この「篠路獅子舞」の創始期は明らかでないが、かつて篠路町太平にあった烈々布天満宮(昭和41(1966)年篠路神社に合祀)創祀の明治32(1899)年ころには、すでに同天満宮の春秋2回の祭りどきに繰り広げられていたという。目的は、豊作祈願、豊年感謝、防火など村人の気持ちを獅子舞に託したものだった。

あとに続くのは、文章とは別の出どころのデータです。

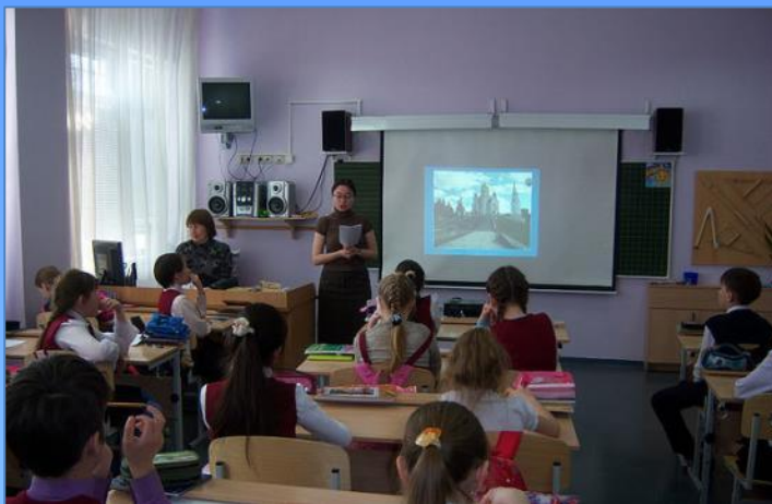
Провожу день православной книги в школе № 1 г. Ханты-Мансийска

篠路獅子は、頭から尾まで6メートルという大きなものである。8人の大人がもぐり込んで操る。舞の形は4種類。「きょうぶりの舞」「さっさいの舞」「ひとあしの舞」「きりまぜの舞」で、今は前者2つが演じられている。舞い振りは「優雅で女性的。丘珠は雄獅子、篠路は雌獅子で、その存在は対照的」と篠路獅子舞の保存会の川口昭夫さん(農業)らは言う。
獅子の先頭には「獅子取り」と呼ばれる2人の子供がつく。ほかに笛、太鼓、鐘のはやし衆を含めて計20人ほどで構成。赤、青、緑の色鮮やかな衣装で踊るこの伝統行事は、祭りムードの盛りあげに欠かせない存在である。

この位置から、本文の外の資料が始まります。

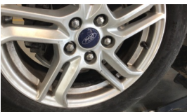
Jant, sağ arka > Ezik

篠路獅子舞は、どこから受け継いだものなのか。80年も昔のことだけに"空白の郷土史"として埋もれた部分も多い。
だが、発祥地の旧篠路村字烈々布村の開拓、烈々布天満宮の創建、いずれも富山県人が中心になっていることから、越中富山から伝承したことだけは確かである。
烈々布天満宮は、富山県東砺波郡城端町北野5036番地に現存する北野天満宮の"分霊"で、「富山県北野は古くからの獅子舞が数多く伝わっている。篠路、北野両獅子の演技音曲を慎重に比較しないと判断できないが、北野出身の開拓者が北野獅子を篠路で開花させた、ということは十分考えられる」富山・北野天満宮28代宮司・砺波(となみ)賢治さん(61)。
ご本家北野天満宮では、長年にわたって「雄」獅子舞が演じられていたが、4年前に途絶えている。また「雄、雌が決して共に舞うことはない」という"もの悲しい習わし"もあった。
「篠路に入植したじいさんたちは、北野獅子の悲しさと同じ心境でふるさとを離れたんだろさ」と子孫らは先人の胸中をしのぶ。